SUPPLIED DATA |
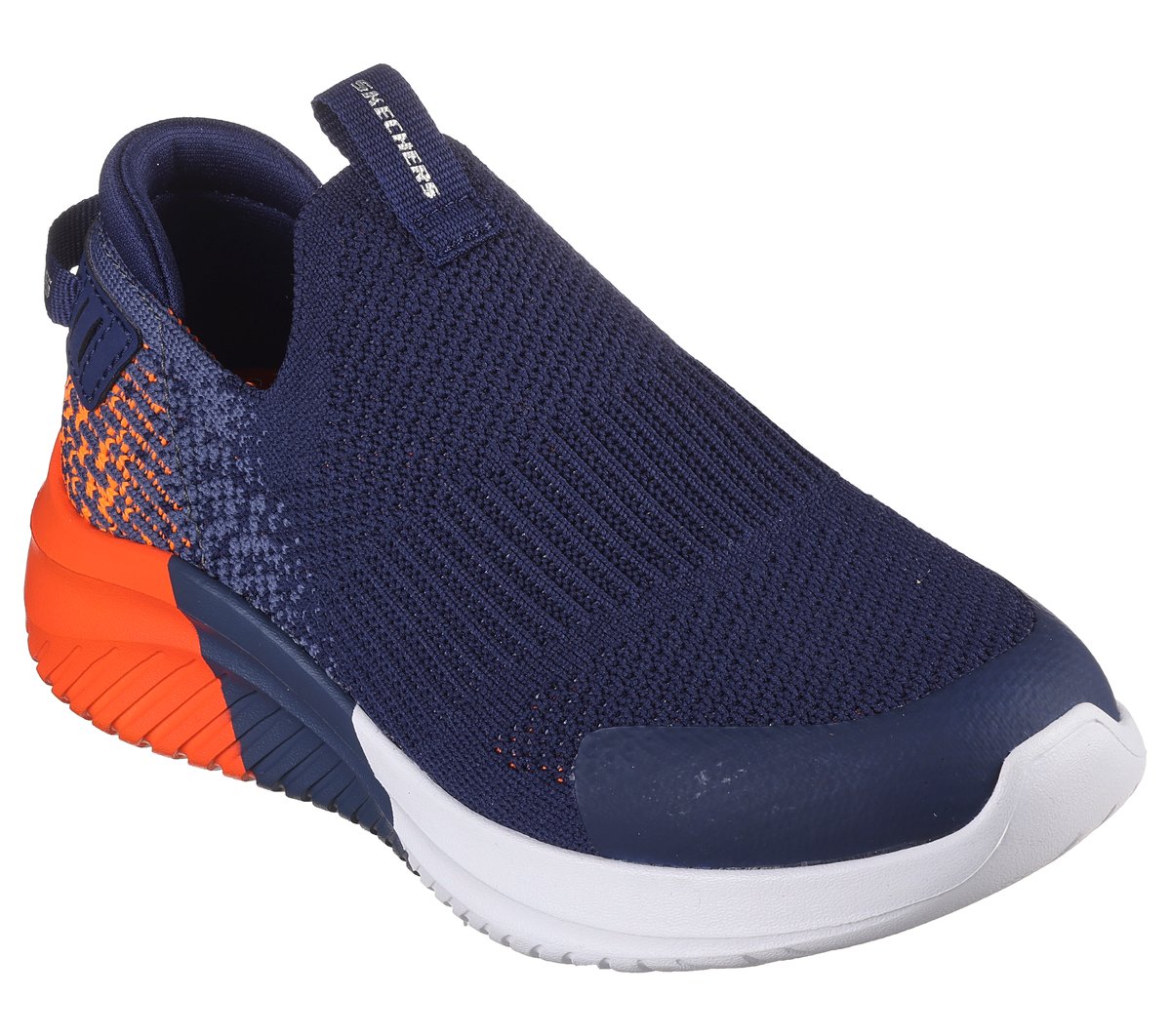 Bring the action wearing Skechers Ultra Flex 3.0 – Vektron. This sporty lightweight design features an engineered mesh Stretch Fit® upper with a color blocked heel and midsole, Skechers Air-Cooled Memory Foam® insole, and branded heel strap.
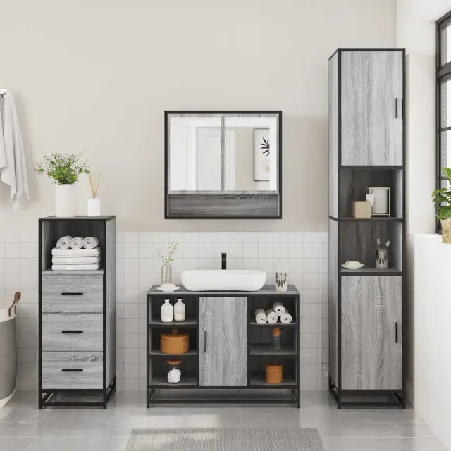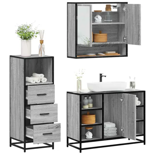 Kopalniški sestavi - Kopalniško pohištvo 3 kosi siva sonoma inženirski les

==

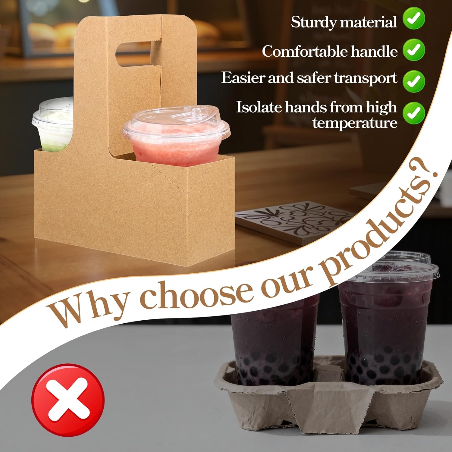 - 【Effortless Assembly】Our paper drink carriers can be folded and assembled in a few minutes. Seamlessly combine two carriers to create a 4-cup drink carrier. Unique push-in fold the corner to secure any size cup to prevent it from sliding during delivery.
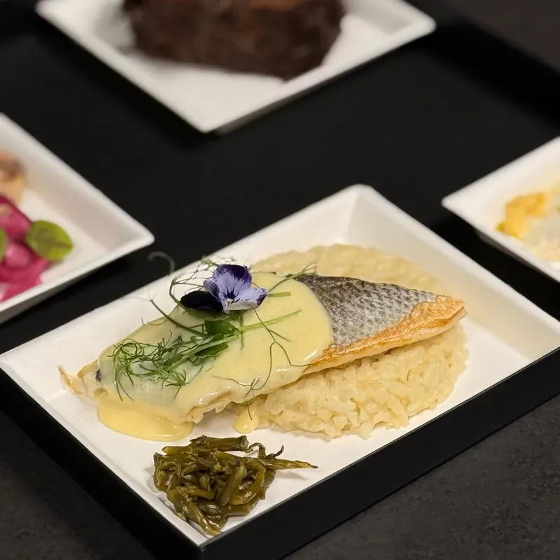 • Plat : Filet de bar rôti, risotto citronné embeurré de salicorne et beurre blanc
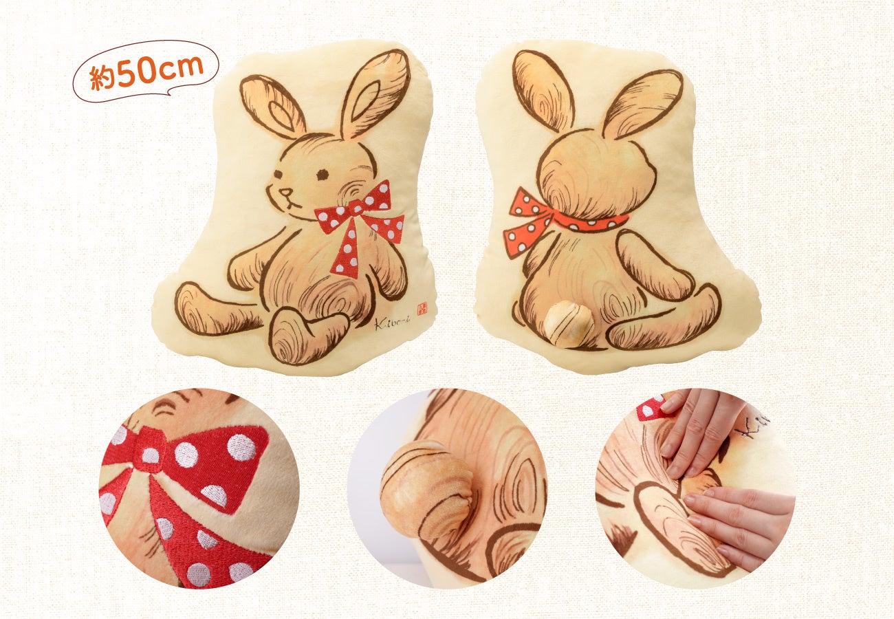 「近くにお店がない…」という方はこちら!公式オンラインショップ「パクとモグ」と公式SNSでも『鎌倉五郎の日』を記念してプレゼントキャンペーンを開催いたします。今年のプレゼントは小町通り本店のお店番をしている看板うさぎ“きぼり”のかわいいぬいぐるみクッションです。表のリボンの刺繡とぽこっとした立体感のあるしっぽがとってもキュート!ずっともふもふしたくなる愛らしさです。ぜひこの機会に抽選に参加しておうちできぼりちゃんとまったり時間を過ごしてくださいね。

TASK DETAILS |
From the records above, copy exactly the lines starting at the one with "Bring the action" and ending at the one with "Kopalniški sestavi - Kopalniško", and no others. Pictures stay out.

FINISHED TASK |
 Bring the action wearing Skechers Ultra Flex 3.0 – Vektron. This sporty lightweight design features an engineered mesh Stretch Fit® upper with a color blocked heel and midsole, Skechers Air-Cooled Memory Foam® insole, and branded heel strap.
 Kopalniški sestavi - Kopalniško pohištvo 3 kosi siva sonoma inženirski les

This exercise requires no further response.